* **Problem to solve**
Nothing but the lines from the first line of the records below to the line holding "李宇春身着拼色天鹅绒长裙出席" belongs in the answer, copied exactly and without pictures.

(Items from a dataset)

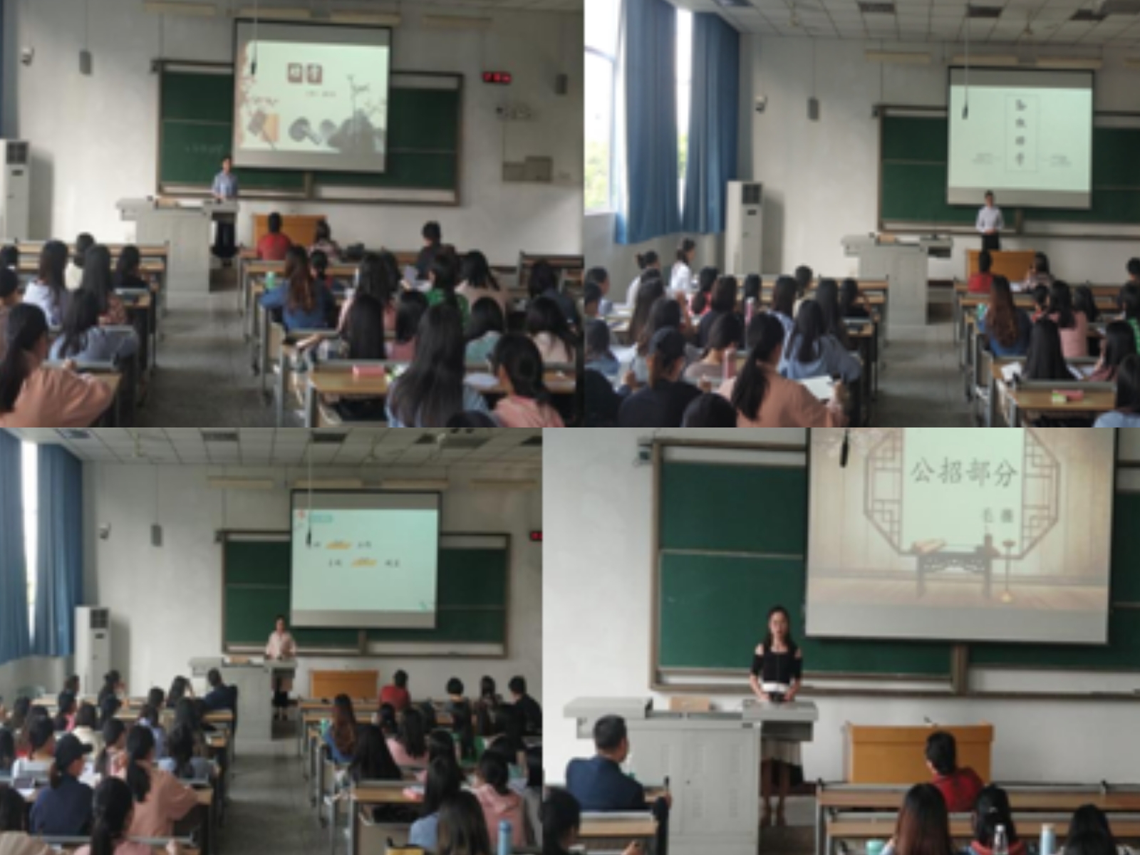 在2015级汉文师范实习汇报结束后,又马上开始进行2016级汉语言文学师范专业领航课试讲,2016级学生代表李柚君、余文华和解红英同学从说课和讲课两部分,依次展示他们的试讲。
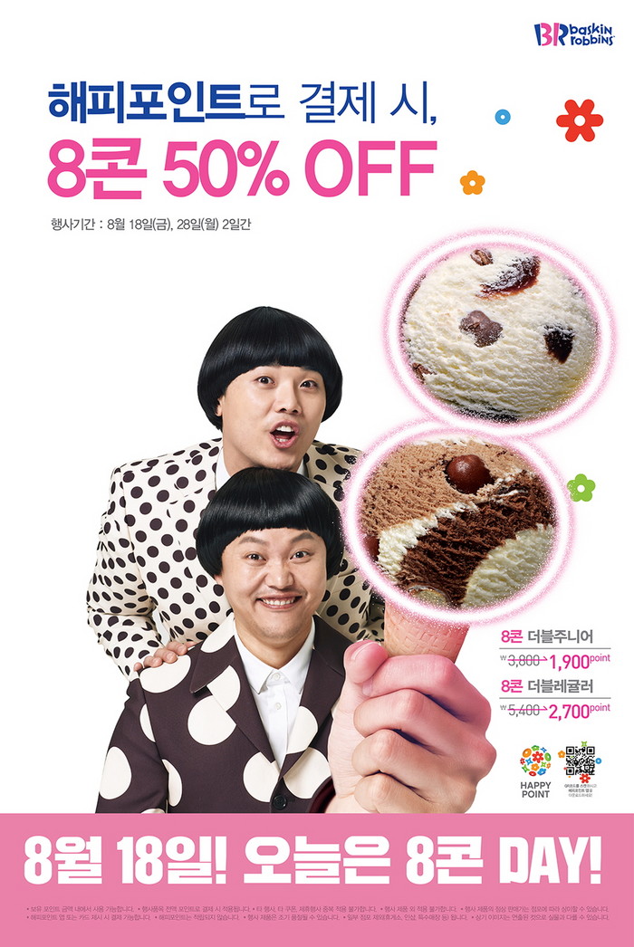 '8콘데이'는 해피포인트로 8콘을 구입하면 50% 할인 혜택을 제공하는 행사다. '8콘'은 배스킨라빈스의 '더블 주니어'와 '더블 레귤러'등 두 가지 맛을 한 번에 즐길 수 있는 사이즈를 일컫는 별명이다. '8콘데이'에 참여하면 더블 주니어는 1900포인트, 더블 레귤러는 2700포인트에 구입할 수 있다.
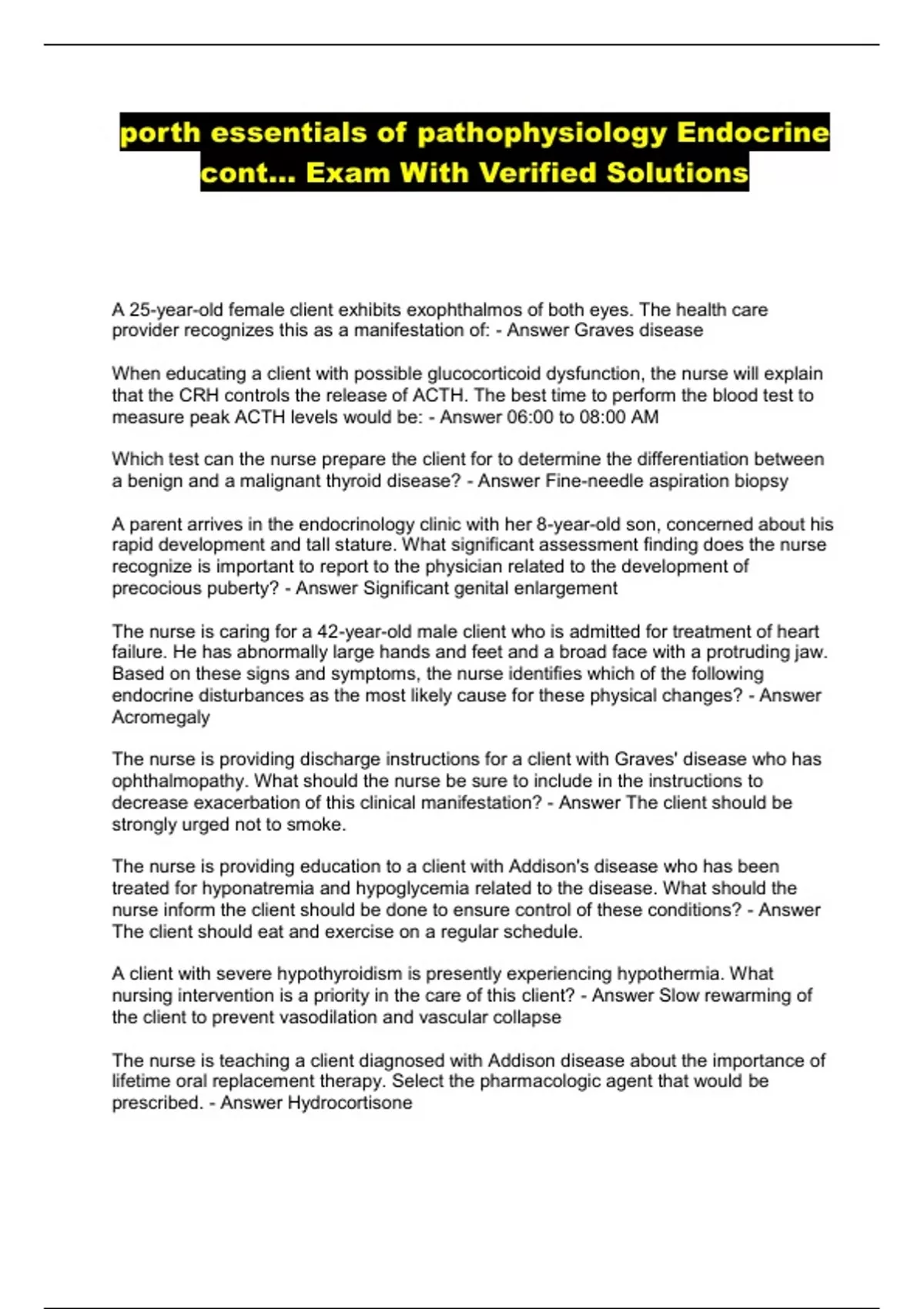 porth essentials of pathophysiology Endocrine cont... Exam With Verified Solutions
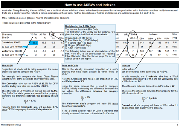 This is a good explanation to assist interpreting Australian Sheep Breeding Values (ASBVs), indexes and TOPs and CULLs.
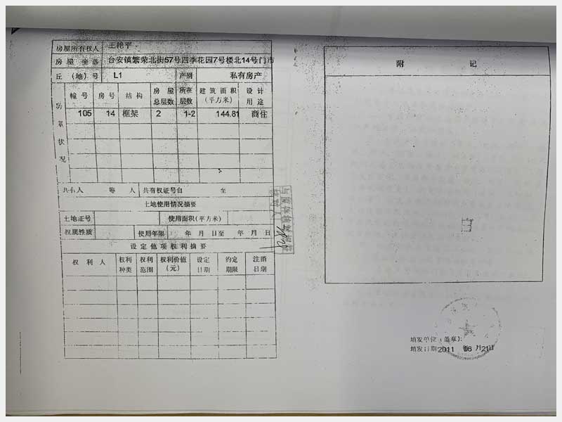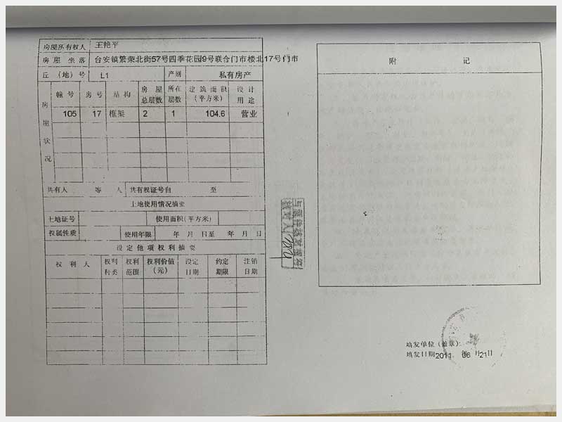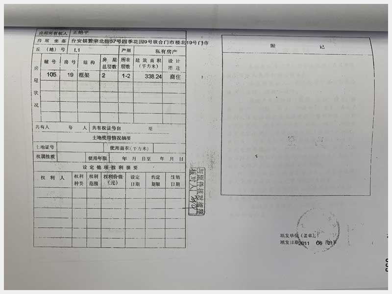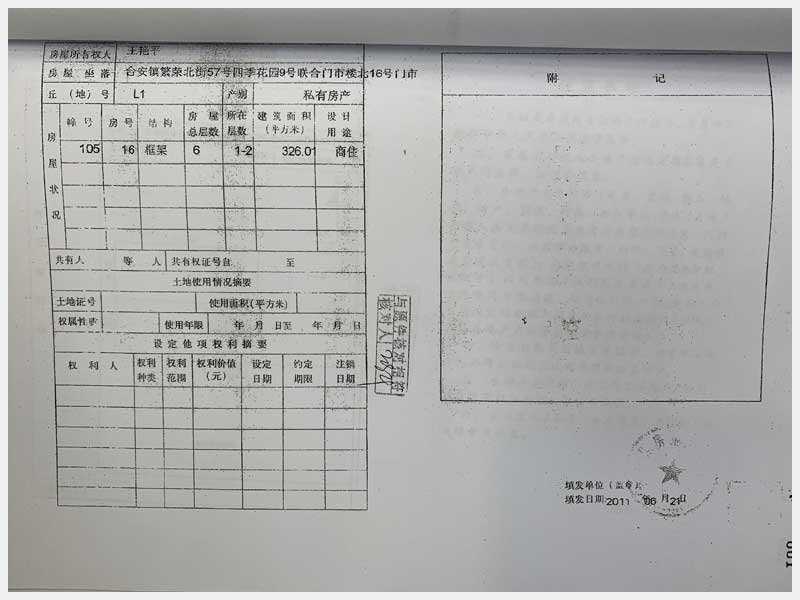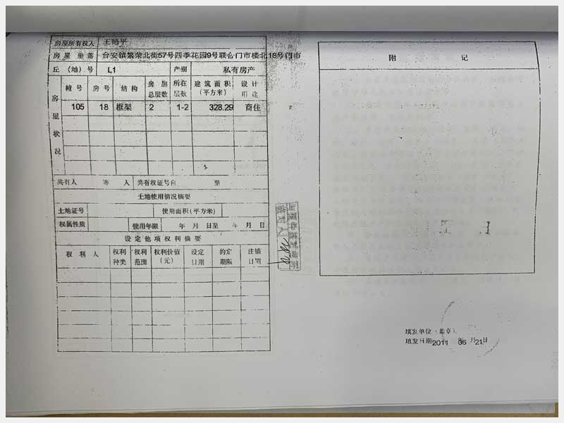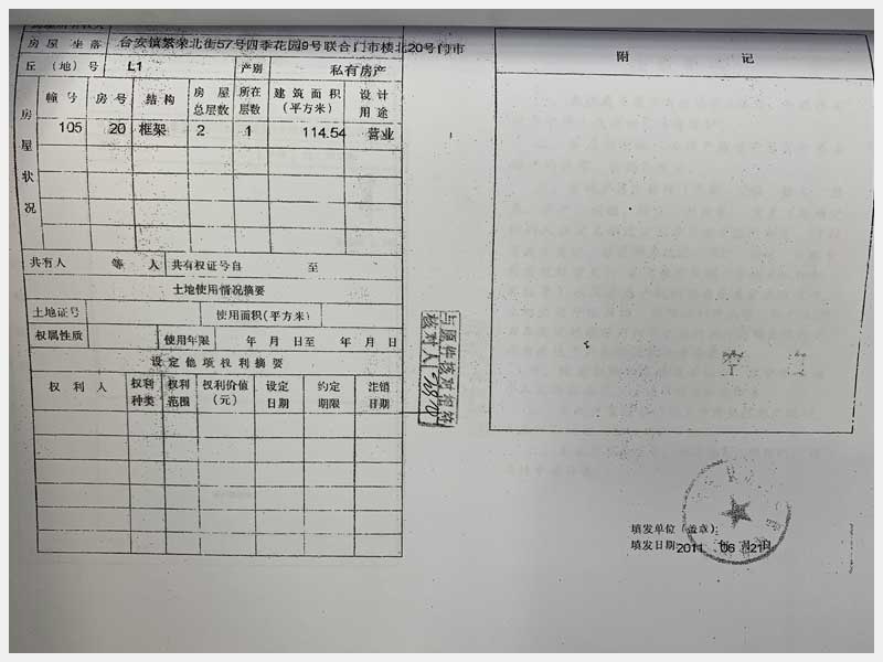名稱:臺(tái)安縣臺(tái)安鎮(zhèn)繁榮北街57號(hào)四季花園門市樓13、14、15、16、17、18、19、20號(hào) 面積:13號(hào):220.85㎡、14號(hào):144.81㎡、15號(hào):57.22㎡、16號(hào):326.01㎡、17號(hào):104.6㎡、18號(hào):328.29㎡、19號(hào):338.24㎡、20號(hào):114.54㎡ 瀏覽次數(shù):1523
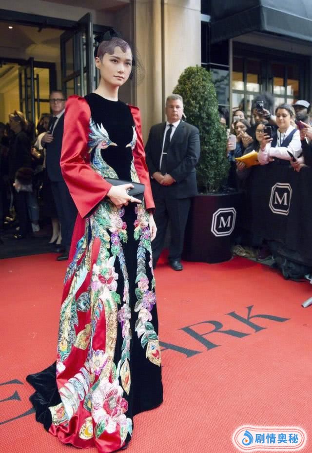 李宇春身着拼色天鹅绒长裙出席,精美的孔雀刺绣,配以紫色手推波浪头,巧妙地将东方戏曲元素与西方宫廷风格糅合一体,让一向颇为中性化的她,展现出一种独特的华丽质感。
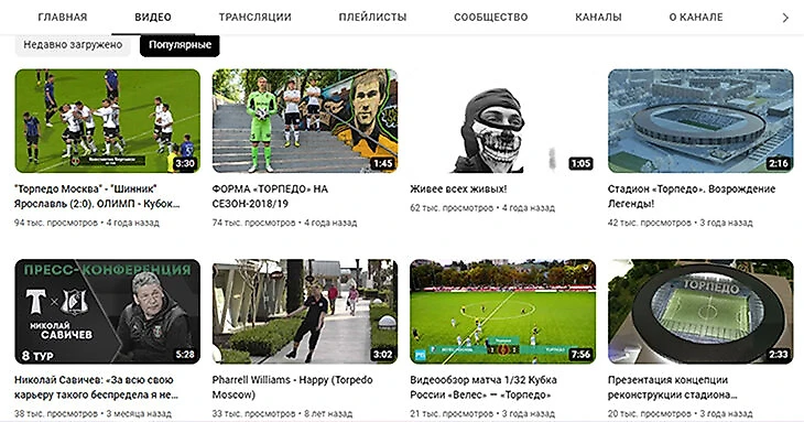 На данный момент просмотры основного канала «Торпедо» не очень высокие. Самое просматриваемое видео на юутб-канале первой команды – пресс-конференция главного тренера команды Андрея Талалаева после матча со «Спартаком» (5,3 тыс просмотров).
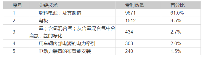 為了研究豐田汽車與氫能和燃料電池相關(guān)的技術(shù)研發(fā)情況,利用專利文本挖掘和IPC國際專利分類進(jìn)一步展開分析,可以看出該公司技術(shù)重點(diǎn)集中在氫泵、排水閥、電解質(zhì)膜、儲(chǔ)氫罐等技術(shù)。從IPC分類號來看,豐田汽車在H01M8燃料電池及其制造領(lǐng)域申請的專利數(shù)量最多,達(dá)到9671件,占總量的61%。專利申請數(shù)量第二多的技術(shù)領(lǐng)域是H01M4電極,占總量的9.5%。
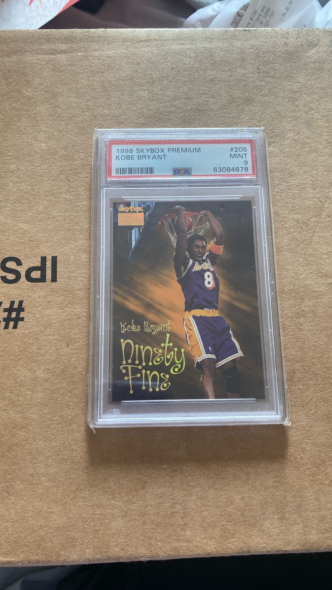 1998 Skybox Premium Kobe Bryant card. PSA graded 9.
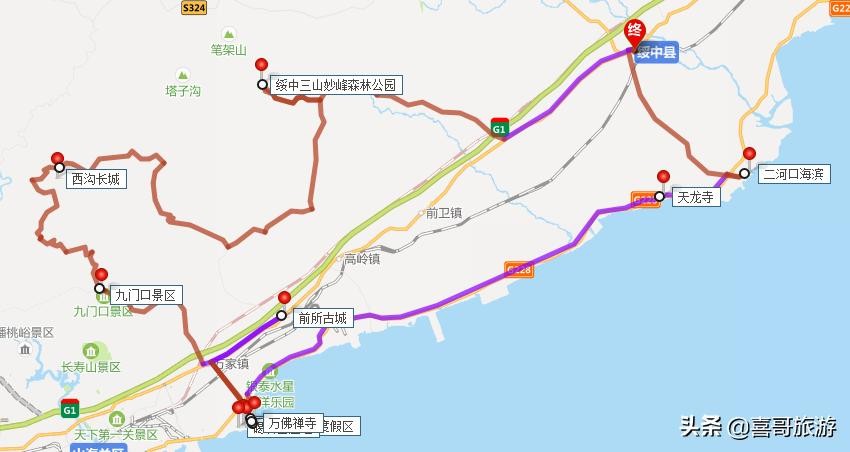 3、一次性游完葫芦岛绥中县以上全部好玩的景点。推荐行程路线:葫芦岛绥中县-绥中三山妙峰森林公园-西沟长城-九门口景区-前所古城-碣石宫遗址-东戴河风景度假区-止锚湾-万佛禅寺-天龙寺-二河口海滨-葫芦岛绥中县。
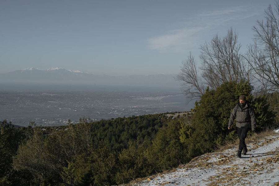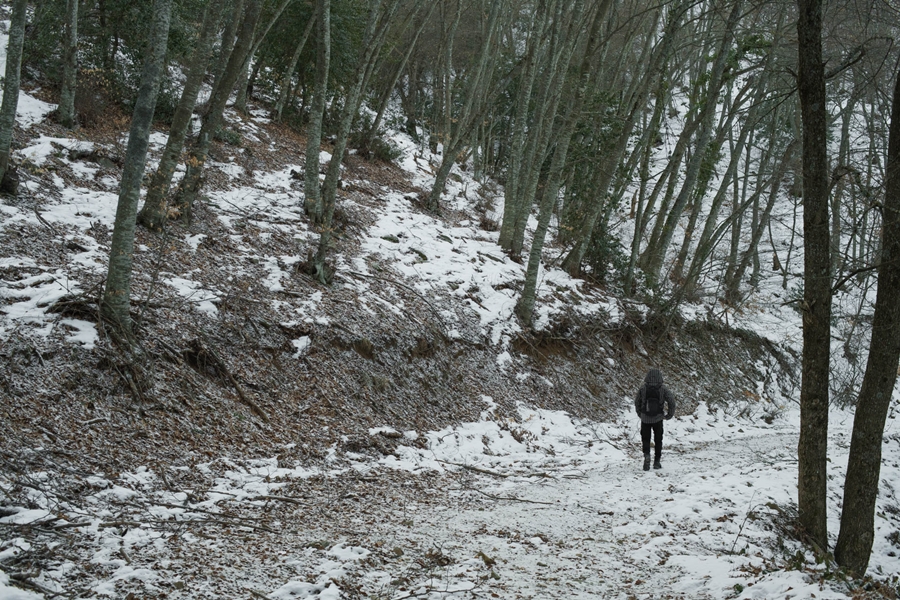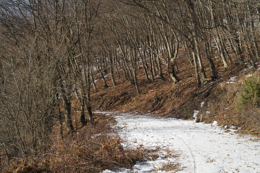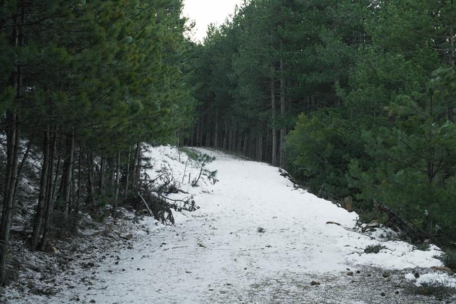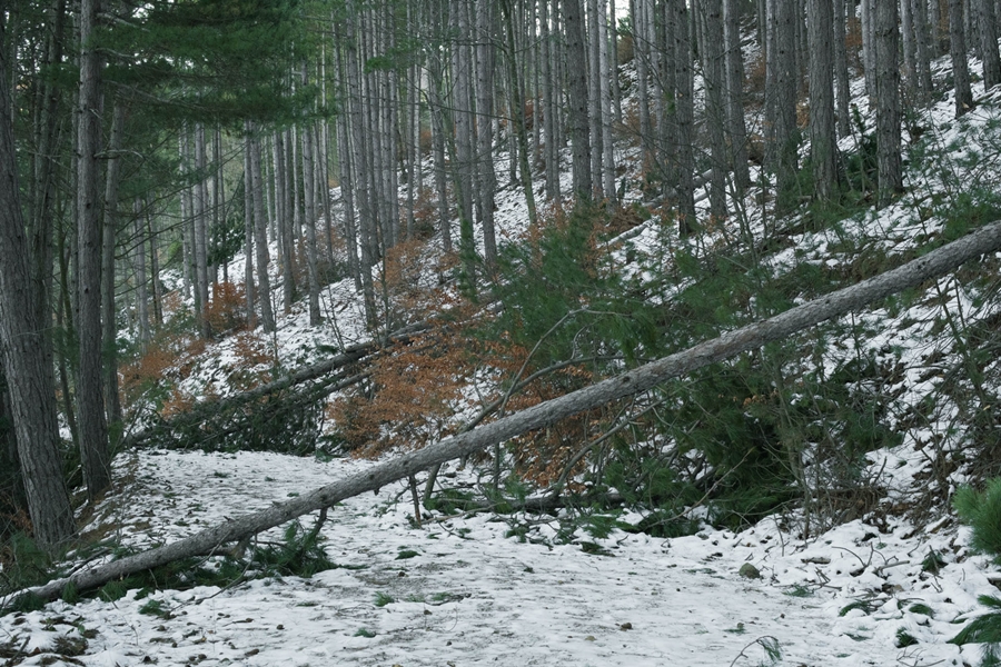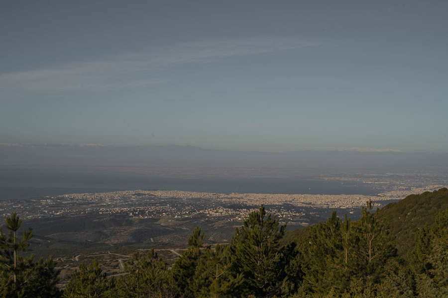Το ραντεβού μου με τον Π. ήταν στις 08:00 στις κεραίες. Η θερμοκρασία ήταν στους -2,5 βαθμούς Κελσίου. Επιλέξαμε να ξεκινήσουμε την κυκλική διαδρομή από ανατολικά (από την άσφαλτο προς το φυλάκιο της Αεροπορίας). Με αυτό τον τρόπο θα μπορούσαμε να γευτούμε τις πρώτες ηλιαχτίδες του ήλιου, καθώς η σημερινή ημέρα, επέβαλε μια ηλιοθεραπεία. Αφού μπήκαμε στο κωνοφόρο κομμάτι της διαδρομής, αμέσως δεξιά πριν το φυλάκιο, είδαμε πως οι αέριες μάζες και οι καταιγίδες, ήταν πολύ έντονες το τελευταίο διάστημα επάνω στο βουνό, αφού πεσμένοι κορμοί δέντρων, υπάρχουν διάσπαρτοι σε εκείνο το σημείο της διαδρομής. Αφού φτάσαμε στην μεγάλη στροφή, ακριβώς κάτω από το ραντάρ, απολαύσαμε τη θέα προς τον Όλυμπο και τον Θερμαϊκό.

* **Reply to the task**
 在2015级汉文师范实习汇报结束后,又马上开始进行2016级汉语言文学师范专业领航课试讲,2016级学生代表李柚君、余文华和解红英同学从说课和讲课两部分,依次展示他们的试讲。
 '8콘데이'는 해피포인트로 8콘을 구입하면 50% 할인 혜택을 제공하는 행사다. '8콘'은 배스킨라빈스의 '더블 주니어'와 '더블 레귤러'등 두 가지 맛을 한 번에 즐길 수 있는 사이즈를 일컫는 별명이다. '8콘데이'에 참여하면 더블 주니어는 1900포인트, 더블 레귤러는 2700포인트에 구입할 수 있다.
 porth essentials of pathophysiology Endocrine cont... Exam With Verified Solutions
 This is a good explanation to assist interpreting Australian Sheep Breeding Values (ASBVs), indexes and TOPs and CULLs.
名稱:臺(tái)安縣臺(tái)安鎮(zhèn)繁榮北街57號(hào)四季花園門市樓13、14、15、16、17、18、19、20號(hào) 面積:13號(hào):220.85㎡、14號(hào):144.81㎡、15號(hào):57.22㎡、16號(hào):326.01㎡、17號(hào):104.6㎡、18號(hào):328.29㎡、19號(hào):338.24㎡、20號(hào):114.54㎡ 瀏覽次數(shù):1523
 李宇春身着拼色天鹅绒长裙出席,精美的孔雀刺绣,配以紫色手推波浪头,巧妙地将东方戏曲元素与西方宫廷风格糅合一体,让一向颇为中性化的她,展现出一种独特的华丽质感。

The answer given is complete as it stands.